TASK TO COMPLETE
For the entries below, copy exactly the line that contains "Ad esempio, mescolano" through the line that contains "Paired with a", both ends included, and exclude all pictures.

MATERIAL TO PROCESS
══════════════════════════════
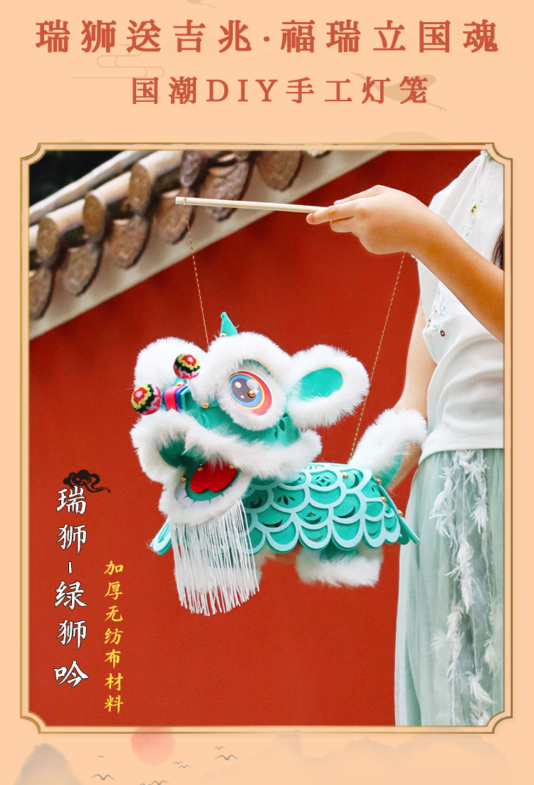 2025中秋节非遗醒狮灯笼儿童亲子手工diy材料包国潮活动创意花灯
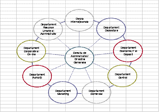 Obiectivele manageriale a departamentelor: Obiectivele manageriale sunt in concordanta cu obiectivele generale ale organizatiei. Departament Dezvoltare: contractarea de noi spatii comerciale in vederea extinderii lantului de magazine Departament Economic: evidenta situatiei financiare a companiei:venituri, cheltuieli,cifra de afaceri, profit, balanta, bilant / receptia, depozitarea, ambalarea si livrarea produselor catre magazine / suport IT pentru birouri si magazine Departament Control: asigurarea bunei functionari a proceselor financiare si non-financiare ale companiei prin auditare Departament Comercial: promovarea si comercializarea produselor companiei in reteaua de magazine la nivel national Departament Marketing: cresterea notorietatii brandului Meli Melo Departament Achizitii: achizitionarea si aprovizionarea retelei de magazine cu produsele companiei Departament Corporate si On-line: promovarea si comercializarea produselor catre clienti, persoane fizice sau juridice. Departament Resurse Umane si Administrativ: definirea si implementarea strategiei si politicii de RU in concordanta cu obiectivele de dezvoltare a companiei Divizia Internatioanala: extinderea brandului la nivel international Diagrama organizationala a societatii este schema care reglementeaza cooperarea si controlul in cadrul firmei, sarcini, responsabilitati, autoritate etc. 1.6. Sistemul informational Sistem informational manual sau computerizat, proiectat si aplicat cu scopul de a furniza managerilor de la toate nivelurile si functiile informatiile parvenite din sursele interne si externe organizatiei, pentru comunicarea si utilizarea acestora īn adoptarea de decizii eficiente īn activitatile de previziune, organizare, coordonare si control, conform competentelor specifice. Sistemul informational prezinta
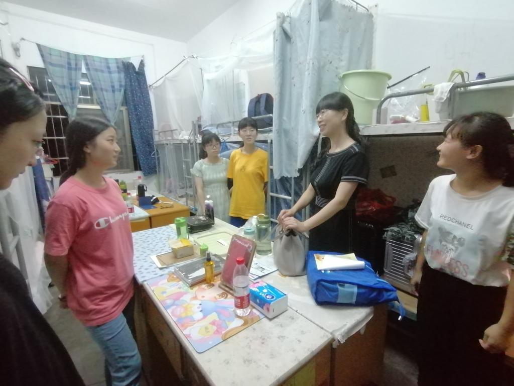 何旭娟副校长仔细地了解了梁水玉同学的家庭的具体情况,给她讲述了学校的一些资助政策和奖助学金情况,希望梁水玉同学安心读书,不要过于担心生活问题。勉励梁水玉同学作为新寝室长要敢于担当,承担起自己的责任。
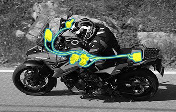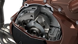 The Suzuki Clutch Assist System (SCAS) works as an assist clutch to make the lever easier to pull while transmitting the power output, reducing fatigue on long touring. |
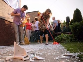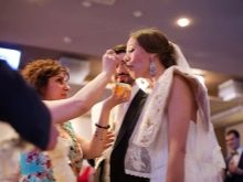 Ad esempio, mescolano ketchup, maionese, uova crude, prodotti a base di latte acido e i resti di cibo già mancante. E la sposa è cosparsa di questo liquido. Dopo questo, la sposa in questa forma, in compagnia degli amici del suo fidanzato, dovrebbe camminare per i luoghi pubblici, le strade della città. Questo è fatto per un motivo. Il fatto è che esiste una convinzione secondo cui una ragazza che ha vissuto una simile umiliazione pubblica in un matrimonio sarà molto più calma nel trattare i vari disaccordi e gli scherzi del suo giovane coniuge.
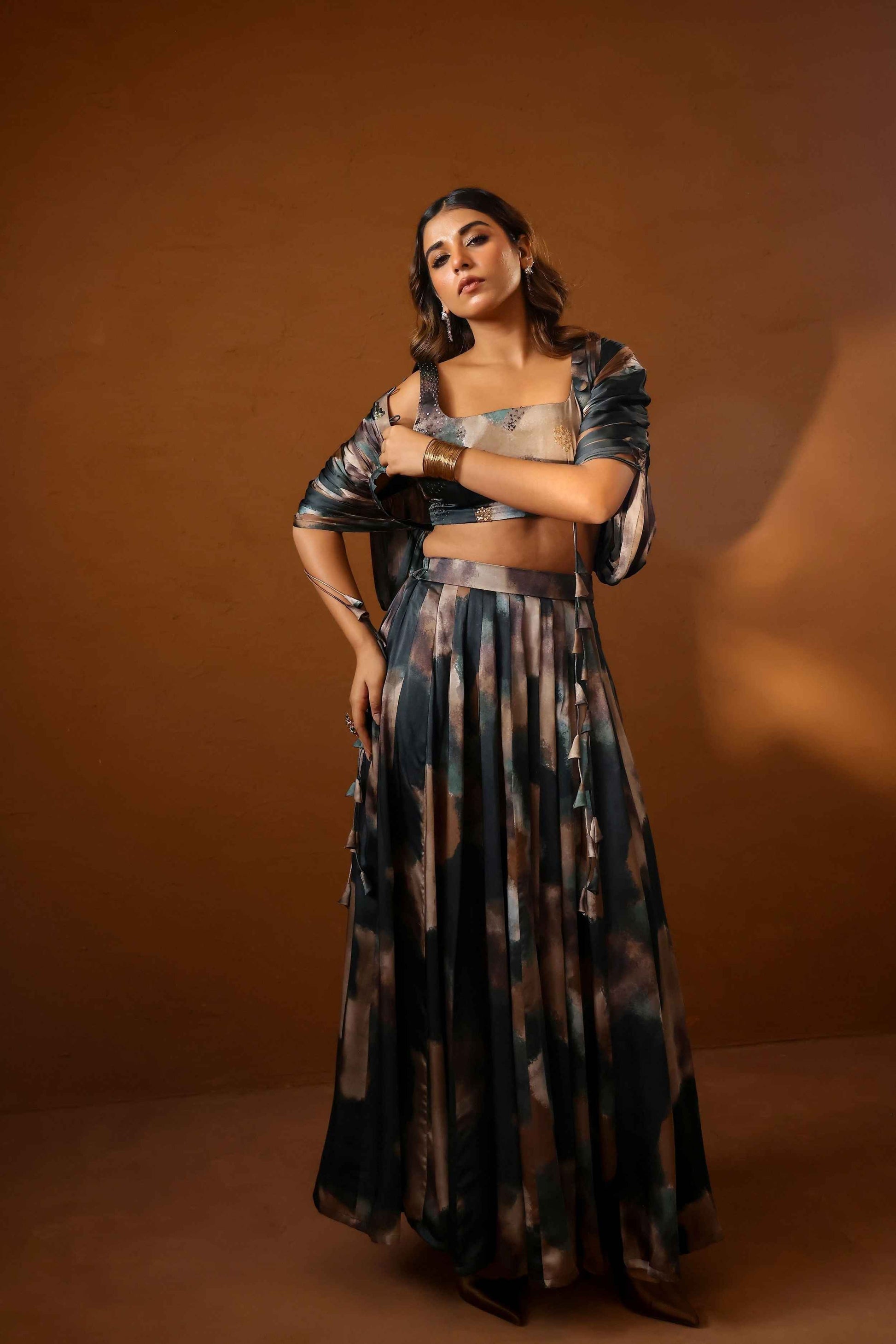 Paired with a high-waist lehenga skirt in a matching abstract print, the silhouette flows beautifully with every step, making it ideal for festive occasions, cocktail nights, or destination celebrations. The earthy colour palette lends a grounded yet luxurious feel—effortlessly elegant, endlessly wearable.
══════════════════════════════
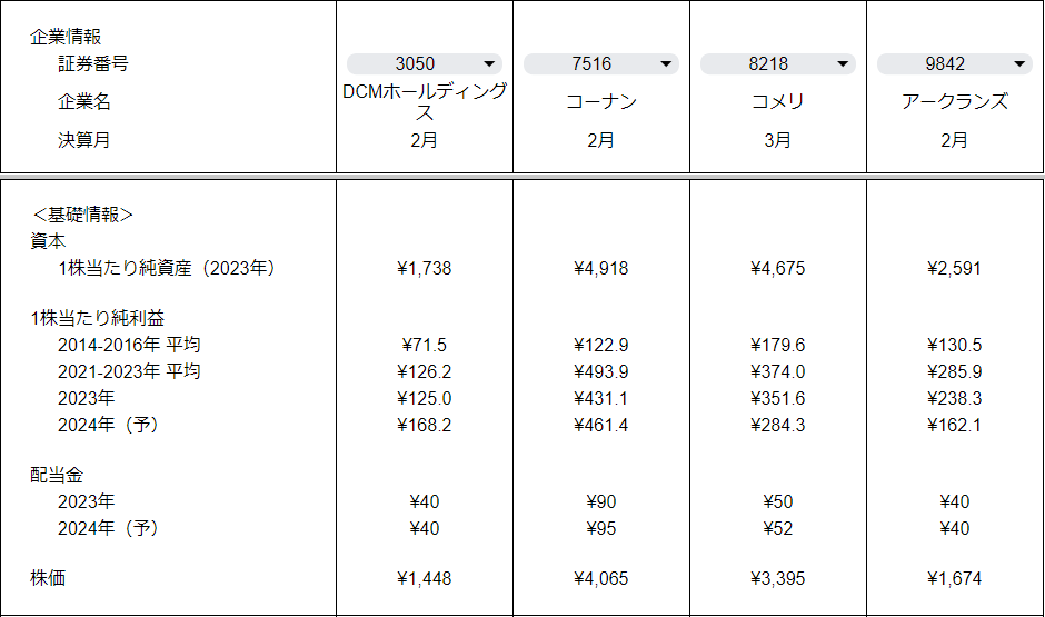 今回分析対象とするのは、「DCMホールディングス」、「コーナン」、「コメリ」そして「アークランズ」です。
══════════════════════════════
TASK ANSWER
 Ad esempio, mescolano ketchup, maionese, uova crude, prodotti a base di latte acido e i resti di cibo già mancante. E la sposa è cosparsa di questo liquido. Dopo questo, la sposa in questa forma, in compagnia degli amici del suo fidanzato, dovrebbe camminare per i luoghi pubblici, le strade della città. Questo è fatto per un motivo. Il fatto è che esiste una convinzione secondo cui una ragazza che ha vissuto una simile umiliazione pubblica in un matrimonio sarà molto più calma nel trattare i vari disaccordi e gli scherzi del suo giovane coniuge.
 Paired with a high-waist lehenga skirt in a matching abstract print, the silhouette flows beautifully with every step, making it ideal for festive occasions, cocktail nights, or destination celebrations. The earthy colour palette lends a grounded yet luxurious feel—effortlessly elegant, endlessly wearable.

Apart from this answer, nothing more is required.